+++ The data

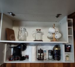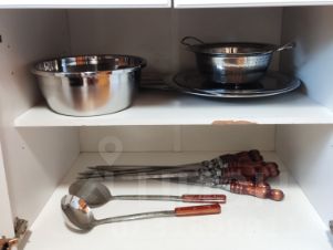 • на кухне: холодильник с морозильной камерой, чайник, кофемашина, микроволновка, различная посуда
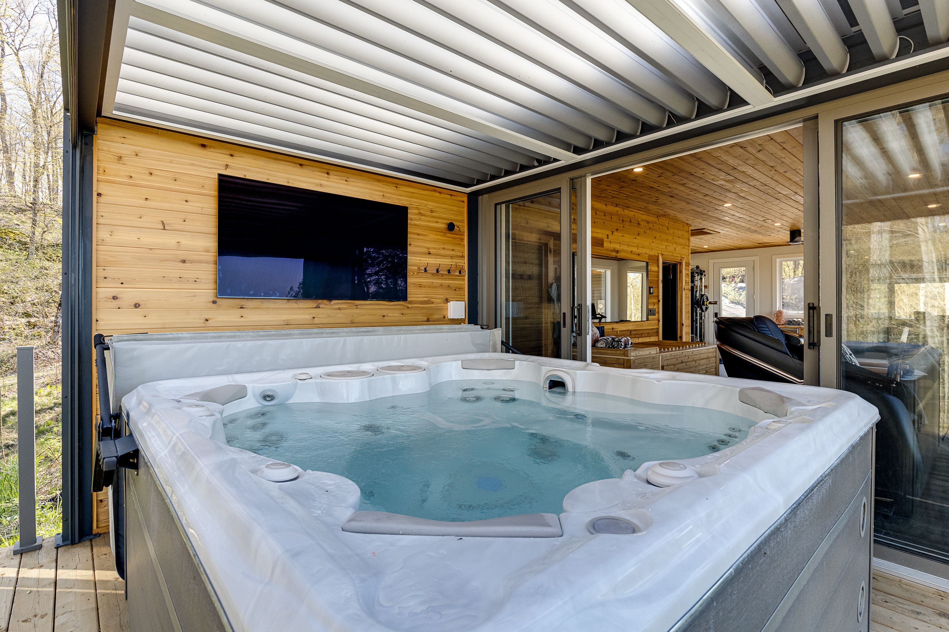 - Exterior Features: Deck, Landscape Lighting, Landscaped, Lawn Sprinkler System, Patio, Privacy, Porch, Year Round Living, Hot Tub
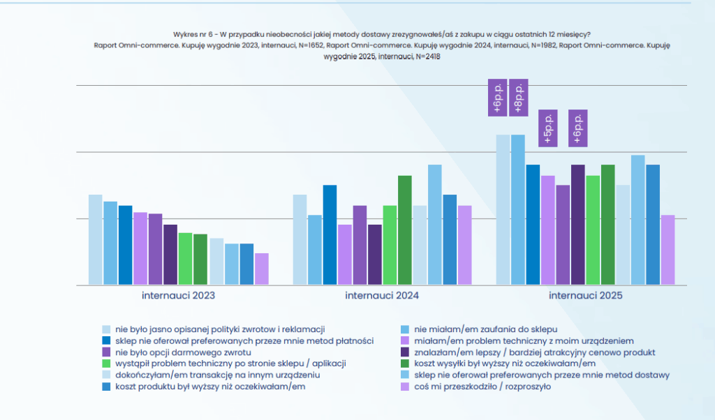 Główny powód to brak oczekiwanej formy dostawy lub zbyt wysoki koszt dostarczenia przesyłki. Współczesny klient chce otrzymać zakupy szybko. Z możliwością odbioru tam, gdzie akurat będzie przebywał, dlatego największą popularnością cieszą się paczkomaty. Zależy mu też na łatwym i sprawnym zwrocie z jasnymi zasadami.
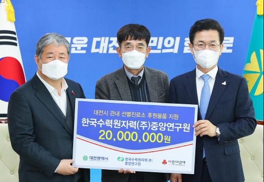한국수력원자력(주) 중앙연구원(원장 김한곤))은 8일오후, 장기화된 코로나-19 방역에 지친 의료진을 위해 사용해 달라며, KF94마스크, VTM 배지, 컵라면, 생수, 쵸코바 등 위문품(2,000만원 상당)을 대전시에 지정 기탁했다.
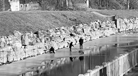 站在金中都南路輔路南側(cè)的橋上向下看,豐草河的河面上已有大面積的融化水域,僅剩靠近北岸邊三分之一的水面上還結(jié)著一層冰。此時(shí),一男一女兩個(gè)小孩就站在冰面上,伸著漁網(wǎng)在水中撈來(lái)?yè)迫?,還不時(shí)蹦來(lái)跳去。
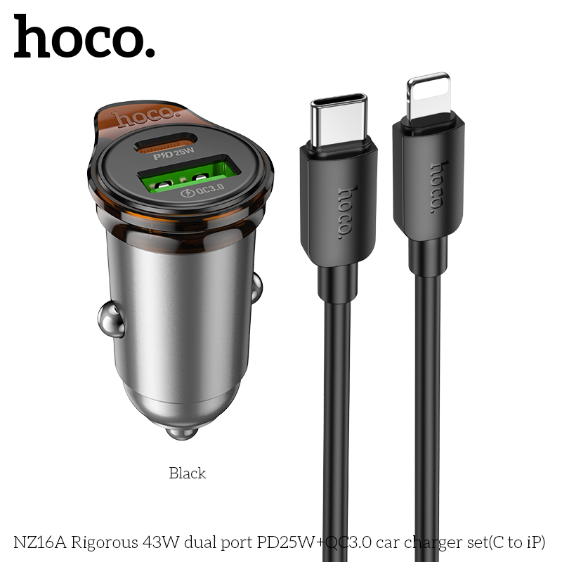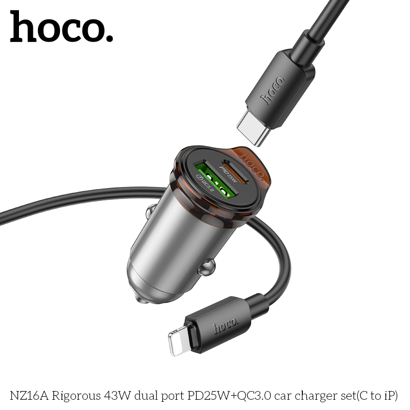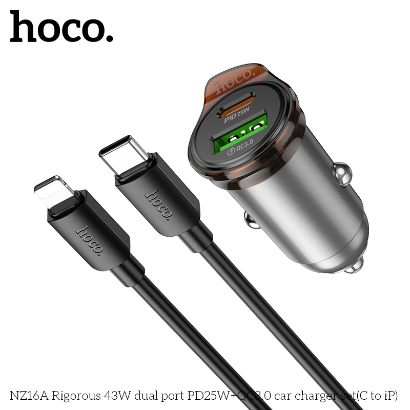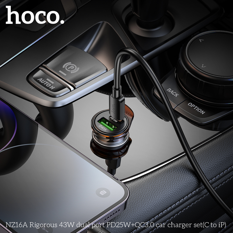 Bộ sạc ô tô NZ16A Rigorous 43W cổng kép PD25W+QC3.0 (C đến iP)
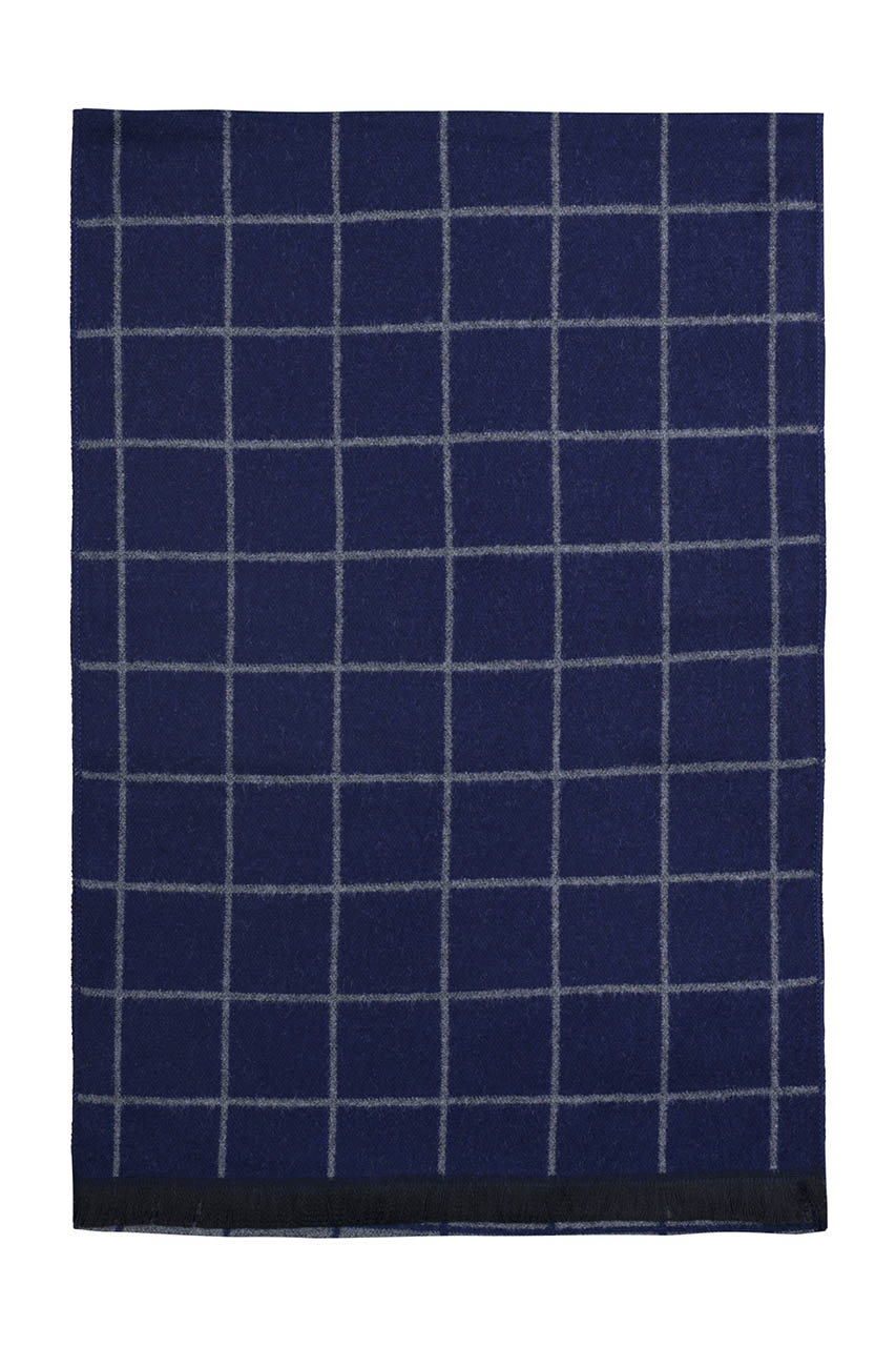 Granatowy, męski szal w kratę. Dwustronny, z drugiej strony dominuje kolor szary. Wykonany z gładkiego i przyjemnego w dotyku materiału. Sprawdzi się idealnie w casualowych, jesienno-zimowych stylizacjach.
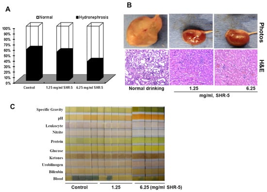 3.4. SHR-5 Drinking Improves Hematuria and Obstructive Uropathy in the UPII-Mutant Ha-Ras Mice
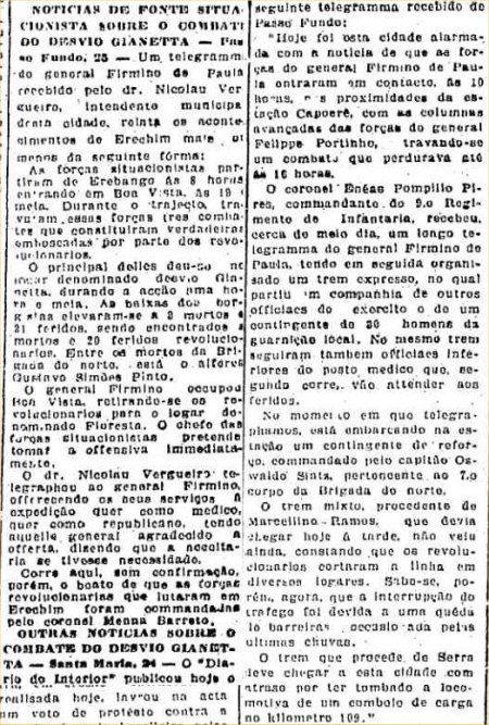 O combate no Desvio Giaretta (O Estado de S. Paulo, 28/6/1923).
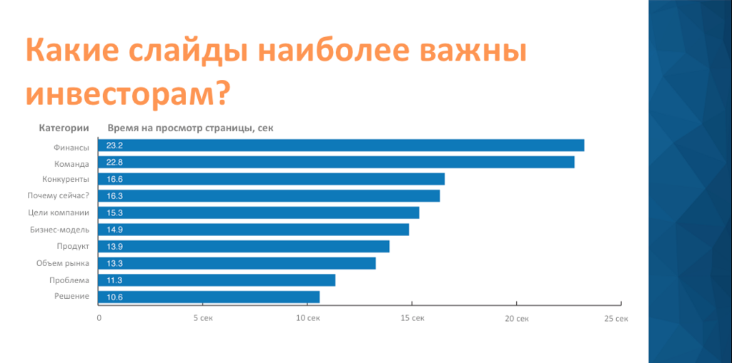 В исследовании компании DocSend и профессора Гарвардской школы бизнеса Тома Эйсенманна, проведенном на базе 200 презентаций стартапов, которые суммарно привлекли около 360 млн долларов1, было определено, что компаниям, в среднем, требуется около 40 встреч с инвесторами и чуть более 12 недель на то, чтобы успешно завершить процесс посевного инвестирования. При этом инвесторы просматривают презентацию стартапа недолго — в среднем в течение 3 минут и 44 секунды.
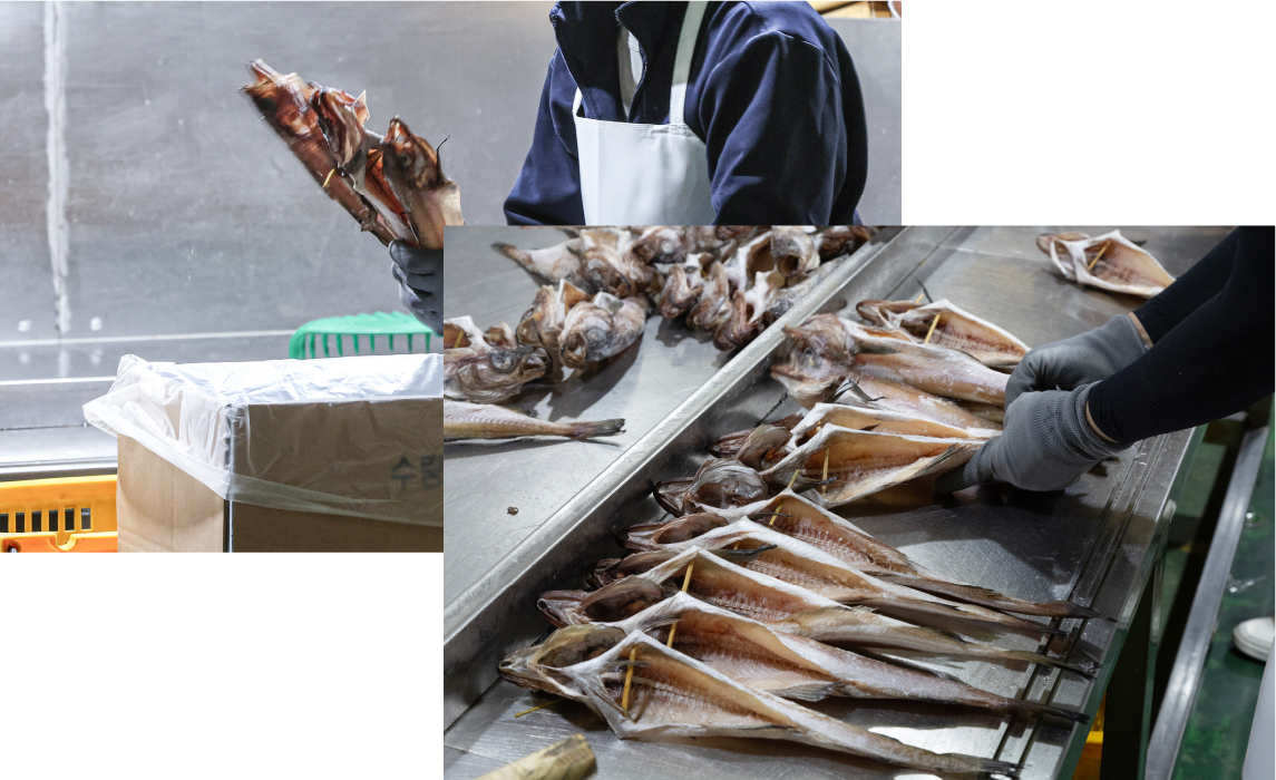 신선한 명태만을 선별해 명태의 내장과 아가미를 제거합니다
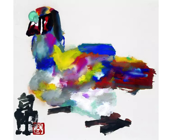 观寅坤先生之画,无不叹其气势的高大,无不让人想起宾虹先生所言绘画,写意为上的箴言。细看花鸟之作,其布局之讲究,其色彩之豪放,其草情篆意之书写性,其题款印章之位置选择,虽是小处着眼,却是气象万千。那些游动的鱼儿,那些飘香的粽子,那些日常世界平凡可见的事物,一旦美丽的呈现,无不让人感叹生活的美好。
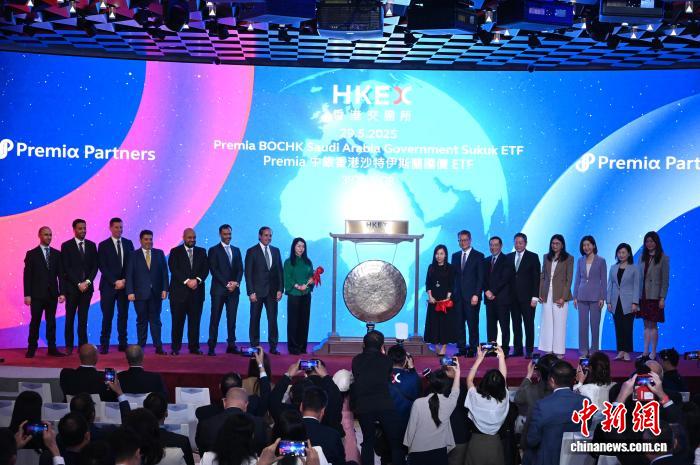2025年5月29日,香港交易及结算所有限公司与沙特阿拉伯证券交易所集团在香港合办“香港——沙特资本市场论坛”。现场亦举行Premia中银香港沙特伊斯兰国债交易所买卖基金(ETF)在香港上市的敲锣仪式。图为香港特区政府财政司司长陈茂波(右七)等嘉宾出席敲锣仪式。中新社记者李志华摄
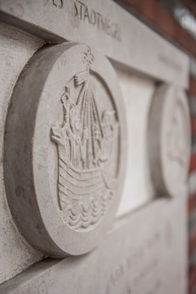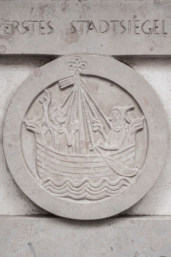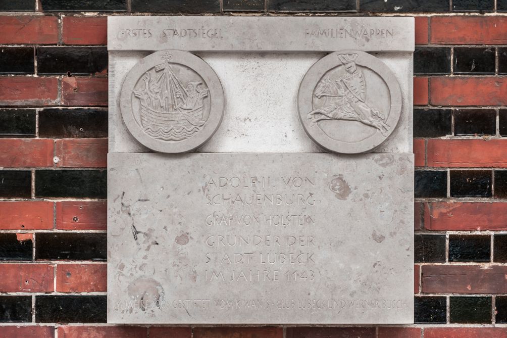 Im Jahr 1143 verlieh Graf Adolf II. von Schauenburg (1128-1164) einer bereits bestehenden christlichen Kaufmannssiedlung auf der Halbinsel zwischen Trave und Wakenitz das Stadtrecht und gab ihr in Anlehnung an eine 1138 zerstörte slawische Vorgängersiedlung den Namen Liubice. Die günstige geografische Lage und der Zugang zur Ostsee zogen zahlreiche Kaufleute an und sorgten für eine baldige Blüte der Hafenstadt. Nach einer verheerenden Feuersbrunst wurde Adolf II. zur Abtretung der Halbinsel an seinen Lehnsherrn Heinrich den Löwen, Herzog von Braunschweig, gezwungen, der die Stadt 1159 wieder errichtete, mit neuen Rechten und Privilegien ausstattete und sie ein Jahr später zum Bischofssitz erhob. Lange Zeit galt Heinrich der Löwe damit als Gründer der Hansestadt Lübeck, während die Rolle Adolf II. von Schauenburg in Vergessenheit geriet. Erst seit 2006 wird ihm mit einer vom Künstler Thomas Helbing gestalteten Gedenktafel unter der Renaissancetreppe des Rathauses gedacht. Die quadratische Gedenkplatte besteht aus Gotland-Kalkstein, den die Lübecker einst als Ballast in ihre Koggen luden, und zeigt in zwei kreisförmigen Medaillons das erste überlieferte Stadtsiegel sowie das Familienwappen derer zu Schauenburg. Der Text darunter lautet: „ADOLF II VON / SCHAUENBURG/ GRAF VON HOLSTEIN/ GÜNDER DER / STADT LÜBECK/ IM JAHRE 1143/ IM JAHRE 2006 GESTIFTET VOM KIWANIS-CLUB LÜBECK UND WERNER BUSCH“.
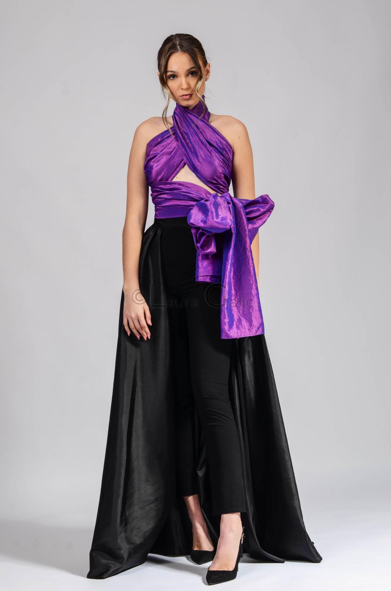 Compleu Aniela 3, pantaloni stofa lina, trena detasabila tafta cu inchidere fermoar spate, esarfa tafta prinderi multiple
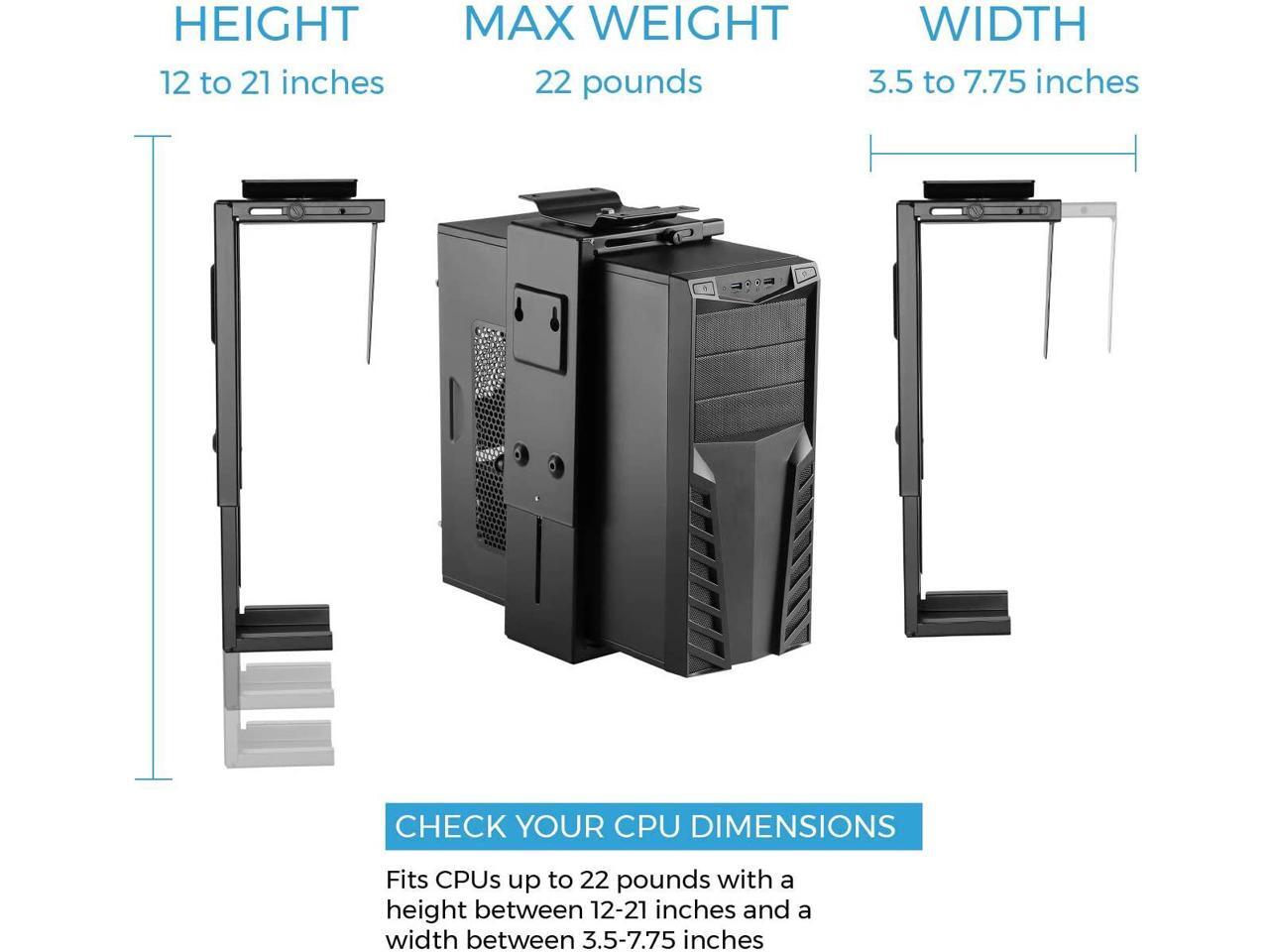 - ADJUSTABLE COMPUTER MOUNT: Fits CPUs up to 22 pounds with a height between 12-21 inches and a width between 3.5-7.75 inches
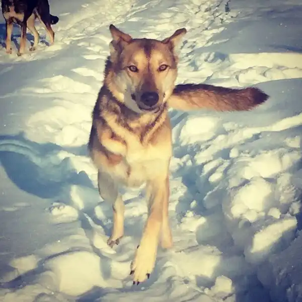 Агата очень активная, бегает на ровне с обычными собаками, не уступая им в скорости!
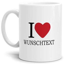 Entdecke die I Love Tasse, die du ganz nach deinen Wünschen gestalten kannst. Diese hochwertige Fototasse aus Keramik bietet dir die Möglichkeit, einen persönlichen Text hinzuzufügen. Klicke einfach auf Anpassen, um deine individuelle Botschaft zu kreieren.
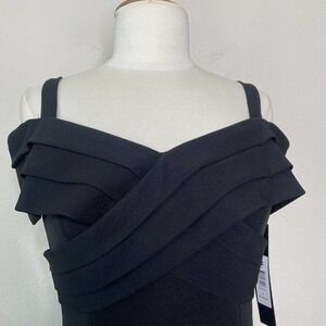 Badgley Mischka Off the Shoulder Criss Cross Chest Black Dress NWT 8
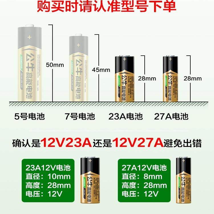 公牛23a12v遥控器电池27A12V电动车库道卷闸帘门红外防盗引闪器门铃遥控器23安12伏小号电子电池电动风扇开关

++++++

What the task requires: Each line from the start of the entries above through the line with "- Exterior Features: Deck, Landscape" should be duplicated exactly, leaving out the pictures.

Result of the exercise:
 • на кухне: холодильник с морозильной камерой, чайник, кофемашина, микроволновка, различная посуда
 - Exterior Features: Deck, Landscape Lighting, Landscaped, Lawn Sprinkler System, Patio, Privacy, Porch, Year Round Living, Hot Tub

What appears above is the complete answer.